Food Politics

by Marion Nestle
Nov 18 2015

Food Policy Action releases 2015 Congressional scorecard

I went yesterday to the press conference for the release of the Food Policy Action 2015 Scorecard.










This was outdoors at Campos Community Garden in Manhattan’s East Village, attended by classes of schoolkids.  The speakers:

Food Policy Action aims to improve national discussions of food policy issues by informing the public about how elected officials vote on these issues.  Hence: the Scorecard.

As I discussed last year, points are awarded for votes on bills introduced or co-sponsored that deal with:

  • Domestic and international hunger
  • Food safety
  • Food access
  • Farm subsidies
  • Animal welfare
  • Food and farm labor
  • Nutrition
  • Food additives
  • Food transparency
  • Local and regional food production
  • The environmental effects of food production

In the Senate, for example, there were just 5 bills to be voted on an 10 that were co-sponsored (but not voted on).  In the House, there were votes on 10 bills and 12 that were co-sponsored (no vote).  This leaves lots of room for improvement, even among the best.

The speakers explained to the kids that the Scorecard gave grades to members of Congress, just like they get, and took them through a discussion of thumbs up and thumbs down appraisals of legislators’ votes on key food issues.  Congress is doing a little better this year than last, they said, but still has a long way to go.

Those of us in New York are lucky.  Both of our Senators, Kirsten Gillbrand and Charles Schumer scored 100.

Here are my reports on the Scorecards from 2013 and 2014.  The Scorecard is a great first step in holding legislators accountable.

Nov 17 2015

Cheerios for Protein?

I laughed when I first saw the Cheerios box advertising Protein.  Protein is hardly an issue in U.S. diets—most Americans consume twice what they need—so this is clearly a marketing ploy.
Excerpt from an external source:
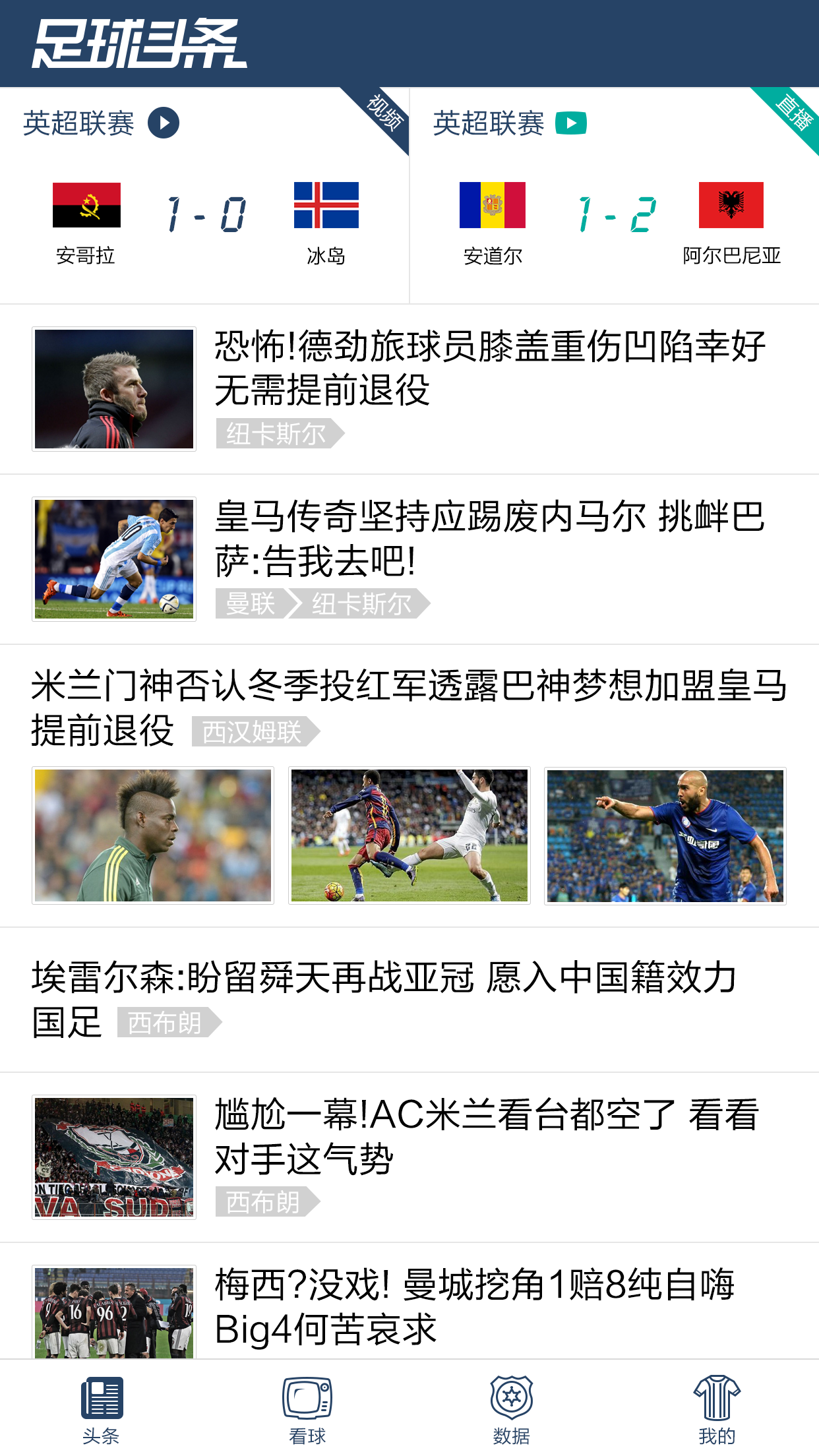 1. 订制足球新闻,选择关注球队,只看关注球队的相关报道;

Center for Science in the Public Interest (CSPI), however, was less amused.  Its scientists did the math and compared the protein to the amount in regular Cheerios.  They also looked at serving sizes.

  • Cheerios Protein: Protein 7 grams, Serving Size 55 grams
  • Cheerios regular: Protein 3 grams, Serving Size 28 grams

Hmm.  Not much difference, is there?

CSPI filed a formal complaint.

General Mills falsely and misleadingly markets Cheerios Protein to children and adults as a high protein, healthful alternative to Cheerios. In fact, Cheerios Protein has only a smidgen more protein per serving than Cheerios, or 4 grams, which is only 5% of the average American daily protein intake. Most of that 4 grams is attributable to differences in serving sizes: Cheerios Protein has a bigger, 55 gram serving size, whereas Cheerios uses a 27 gram serving size. Two hundred calories’ worth of Cheerios Protein has a mere 7/10th of a gram more of protein than 200 calories’ worth of Cheerios.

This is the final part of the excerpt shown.